Crawler skips a subdirectory
« on: September 02, 2013, 06:54:24 AM »
I am using 2012-05-23 v6.0 of the Standalone generator. After doing a major overhaul of my site, I ran the generator. It crawled all the pages (except the ones I told it not to in the configuration) but there was one bad link. I fixed the link and recrawled the site. It did not crawl all the pages that time. It skips a subdirectory with 233 files in it but does 3 other subdirectories just fine. I had it set to do 3 levels so I changed it to 4 levels and then to 0 for any number of levels and it still skips the one subdirectory.

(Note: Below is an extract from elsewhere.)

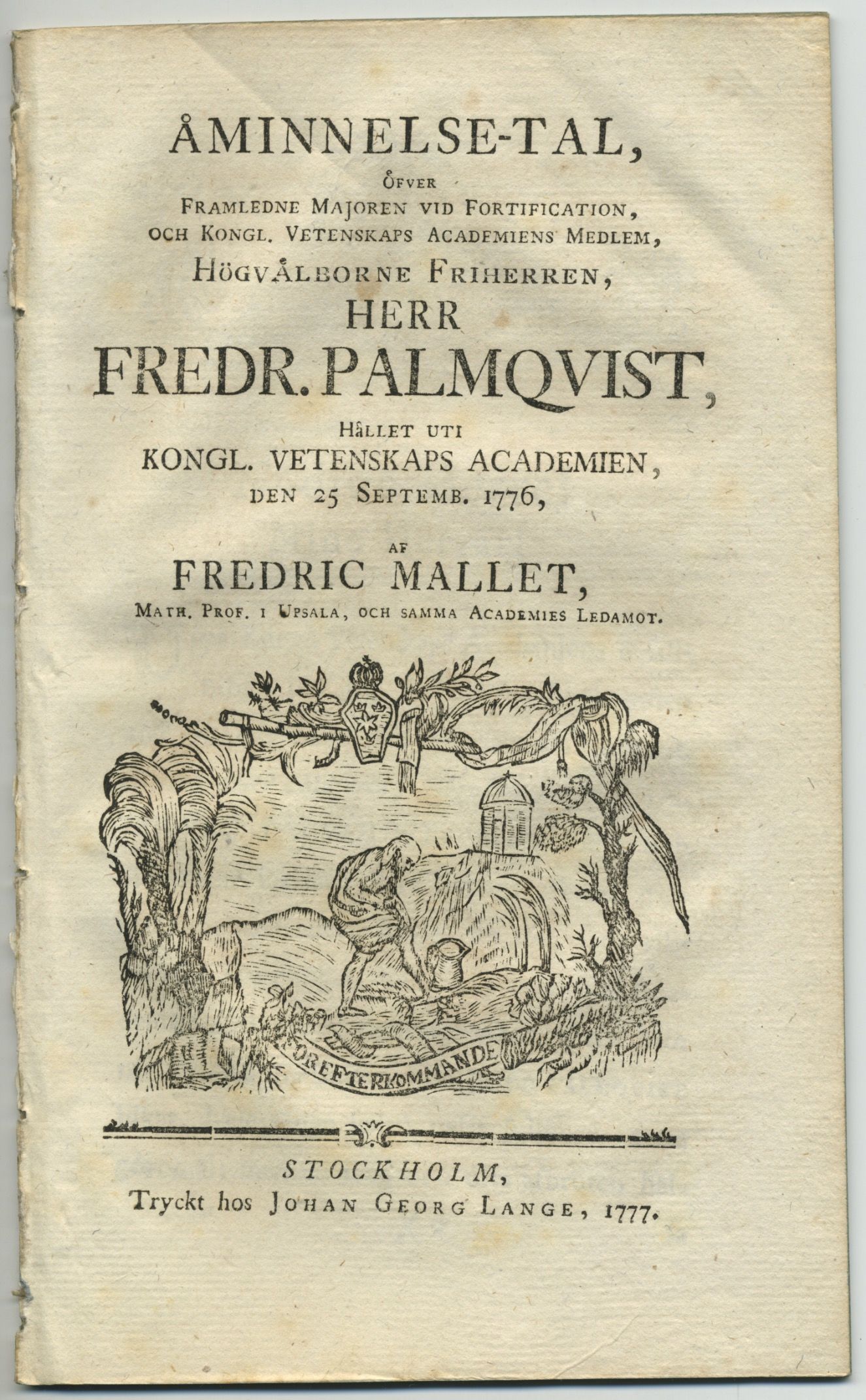 Åminnelse-tal, öfver framledne majoren vid fortification, och kongl. Vetenskaps academiens medlem, högvälborne friherren, herr Fredr. Palmqvist, hållet uti kongl. Vetenskaps academien, den 25 septemb. 1776.

I had downloaded a copy of the first one it ran with all the pages and double-checked it to make sure it had done it right the first time. I took a screen capture of the progress when it stopped on level 2 and it showed there were 233 pages left and 1 queued for the next level. Then it went to the 3rd level and did nothing and ended (attached).

I am also attaching a screen shot of the change log. The second one in the log shows the run that included all the pages I wanted. Numbers 3-6 show it skipped 295 pages of which I wanted 233 included.

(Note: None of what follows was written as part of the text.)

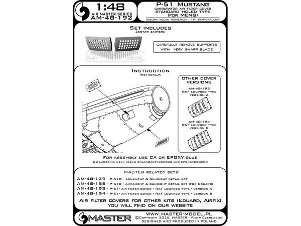 1/48 WWII アメリカ P-51ムスタング キャブレターエアフィルターカバー 標準穴開きタイプ (モンモデル用)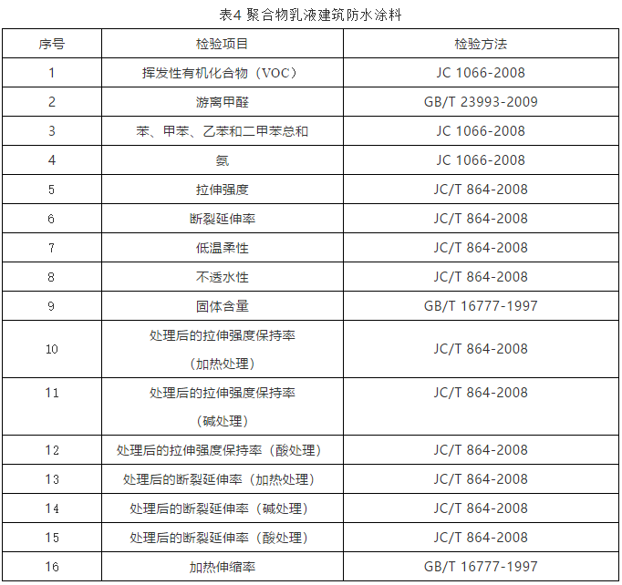3 判定規(guī)則 3.1依據(jù)標(biāo)準(zhǔn) GB/T 19250-2013 聚氨酯防水涂料 GB/T 23445-2009 聚合物水泥防水涂料 JC/T 408-2005 水乳型瀝青防水涂料 JC/T 864-2008 聚合物乳液建筑防水涂料 JC 1066-2008 建筑防水涂料中有害物質(zhì)限量 現(xiàn)行有效的企業(yè)標(biāo)準(zhǔn)、團體標(biāo)準(zhǔn)、地方標(biāo)準(zhǔn)及產(chǎn)品明示質(zhì)量要求 3.2判定原則 經(jīng)檢驗,檢驗項目全部合格,判定為被抽查產(chǎn)品合格;檢驗項目中任一項或一項以上不合格,判定為被抽查產(chǎn)品不合格。 若被檢產(chǎn)品明示的質(zhì)量要求高于本細則中檢驗項目依據(jù)的標(biāo)準(zhǔn)要求時,應(yīng)按被檢產(chǎn)品明示的質(zhì)量要求判定。 若被檢產(chǎn)品明示的質(zhì)量要求低于本細則中檢驗項目依據(jù)的強制性標(biāo)準(zhǔn)要求時,應(yīng)按照強制性標(biāo)準(zhǔn)要求判定。 若被檢產(chǎn)品明示的質(zhì)量要求低于或包含本細則中檢驗項目依據(jù)的推薦性標(biāo)準(zhǔn)要求時,應(yīng)以被檢產(chǎn)品明示的質(zhì)量要求判定。 若被檢產(chǎn)品明示的質(zhì)量要求缺少本細則中檢驗項目依據(jù)的強制性標(biāo)準(zhǔn)要求時,應(yīng)按照強制性標(biāo)準(zhǔn)要求判定。 若被檢產(chǎn)品明示的質(zhì)量要求缺少本細則中檢驗項目依據(jù)的推薦性標(biāo)準(zhǔn)要求時,該項目不參與判定。 (本文來自市場監(jiān)管總局網(wǎng)站) |

The third attachment shows the Site Structure analysis. It shows 4 subdirectories that were included but is missing the prgms_past/ (233 files) subdirectory. It also does not show the photos/ folder but those files did get included in the sitemap_images.xml file.

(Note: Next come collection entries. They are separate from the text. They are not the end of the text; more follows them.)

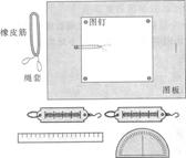 在“探究合力与两个分力的关系”的实验中,实验器材如图所示。实验时图板水平放置,用两只弹簧秤分别挂在细绳套,互成角度地拉橡皮条,使它伸长到某一位置O点静止。此时,必须记录的是(用字母表示)________和_______以及_________。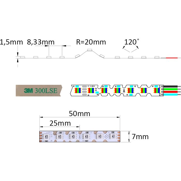 Taśma LED RGB 12V ZIG-ZAG Lux Miners o oznaczeniu produktu RGB12120E to produkt o doskonałych parametrach świetlnych i właściwościach mechanicznych. Termin ZIG-ZAG lub S-Bend RGB LED Strip odnosi się do bardzo elastycznej bocznie taśmy LED o specjalnej perforowanej konstrukcji o szerokości zaledwie 7 mm. Zaletą technologii RGB, która obejmuje trzy podstawowe kolory (czerwony, zielony, niebieski), jest możliwość tworzenia szerokiego spektrum kolorów do oświetlenia dekoracyjnego lub efektów świetlnych. Od początkowego projektu technicznego do końcowej produkcji, skupiono się na uzyskaniu wysokiej wydajności (lm/W), wykonaniu produktu i designowi o wysokiej jakości, przeznaczonym do szerokiej gamy zastosowań, w tym do produkcji napisów LED NEON i grafik.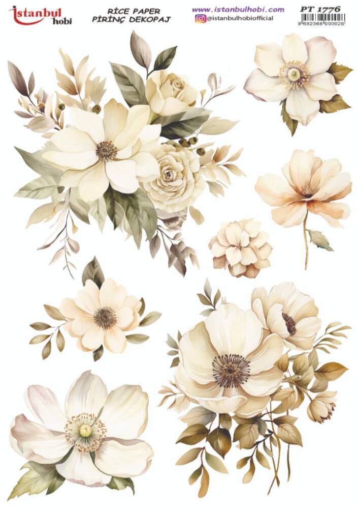 Ç,iç,ek , Desenli Pirinç, Dekopaj , , pirinç, ç,eltiğinden ü,retilmiş, her tü,rlü, hobi projesinde kullanılabilen, dekopaj tutkalı ile yapıştırılabilen, yapıştırıldığı yü,zeyde hava kabarcığı bırakmayan, birinci kalite dekopaj kağıdıdır. Pirinç, Dekopajların ü,zerleindeki desenler, kullanıldığı ü,rü,nü,n gö,rkemli ve ü,st dü,zey gö,zü,kmesini sağlamaktadır.

During one of the test runs, I tried adding the prgms_past/ folder to be included but not parsed in the configuration but it was still skipped.

There are files that were crawled that have links that point to the files in the subdirectory that is skipped so I don't understand why they are not included in the crawl after the first time they were included. Any ideas?
« Last Edit: September 02, 2013, 06:56:17 AM by lockley »
Re: Crawler skips a subdirectory
« Reply #1 on: September 04, 2013, 09:09:37 PM »

could you please PM me your generator URL and an example URL that is not included in sitemap and how it can be reached starting from homepage?